At the time, the Liberty Rock was located in a predominantly black neighborhood. Tony Tims and Daniel Gibson decided one afternoon to paint the rock after seeing a small rock painted in the red, black and green colors of liberation in a nearby square with the support of local businesses who donated a pint of the red paint the young men had run out of. The City of New York was initially opposed to the painted rock, but with the backing of the local store owners, the residents successfully challenged the city and kept the rock painted in the red, black, and green colors. However, the plaque honoring the war veterans was removed and placed elsewhere.

==Notable people==
Since the beginning of hip-hop, the neighborhood has been a hotbed of talent, sparked primarily by the fact that hip-hop producer and icon Russell Simmons is from this community, as is his brother Joseph, who along with his friends Darryl McDaniels and Jason Mizell formed the rap group Run-D.M.C. (who had a hit with the seasonal song "Christmas in Hollis").

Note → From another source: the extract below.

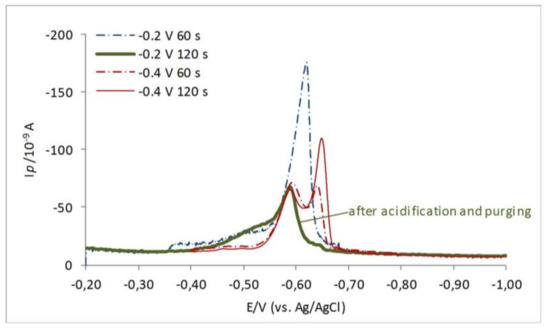 Herein, note that with longer accumulation time at Ed = −0.2, only one peak appears. While by deposition at Ed = −0.4 V, and longer deposition, the HgS reduction is also expressed. The acidification step assures that all volatile RSS (sulfide here) will be removed from the mixture, and only non-volatile RSS will remain.

Other notable residents include:
- Augustus A. Beekman (1923–2001), New York City Fire Commissioner from 1978 to 1980.
- Black, Rock and Ron
- Byron Brown (born 1958), mayor of Buffalo, New York.
- Art Buchwald (1925–2007), political humorist.
- Lord Burgess (1924–2019), songwriter
- Jaki Byard (1922–1999), jazz musician
- Gloster B. Current (1913–1997), former deputy executive director of the National Association for the Advancement of Colored People also the National Director of Branches and Field Administration of the N.A.A.C.P. during the Civil Rights Movement.
- Roy Eldridge (1911–1989), jazz trumpeter
- Lani Guinier (1950–2022), civil rights legal scholar.
- Brian Hardgroove, bass player with Public Enemy.
- Roy Haynes (1925–2024), jazz drummer
- DJ Hurricane (born 1965), hip hop DJ, producer and rapper
- Royal Ivey (born 1981), assistant coach for the Brooklyn Nets and formerly for the New York Knicks.
- Ja Rule (born 1976), rapper
- Irv Gotti (born 1970), hip-hop producer and founder of Murder Inc Records.
- Milt Jackson (1923–1999), jazz vibraphonist and drummer
- Daymond John (born 1969), founder and CEO of FUBU.
- LL Cool J (born 1968), rapper and actor
- Ed Lover (born 1963), actor, radio and television personality
- Robert O. Lowery (1916–2001), Fire Marshal and First African-American Fire Commissioner, FDNY
- Gregory Weldon Meeks (born 1953), U.S. Representative for New York's 5th congressional district
- Lee Q. O'Denat, founder of World Star Hip Hop
- Garrett Oliver (born 1962), brewer and beer author who has been the brewmaster at the Brooklyn Brewery.
- Diane Patrick (born 1951), labor lawyer and former First Lady of Massachusetts (2007–2015)
- Run DMC, Hip-Hop group
  - Reverend Run
  - DMC
  - Jam Master Jay
- Rev. Al Sharpton (born 1954), civil rights activist
- Phil Schaap (1951–2021), jazz historian and broadcaster
- Russell Simmons (born 1957), co-founder of Def Jam
- Stephen A. Smith (born 1967), ESPN sports personality
- Andrew Young (born 1932), civil rights activist and former U.S. Ambassador to the United Nations
- Young MC (born 1967), rapper

Hollis was also home to many African American jazz musicians by the 1950s according to The New York Times.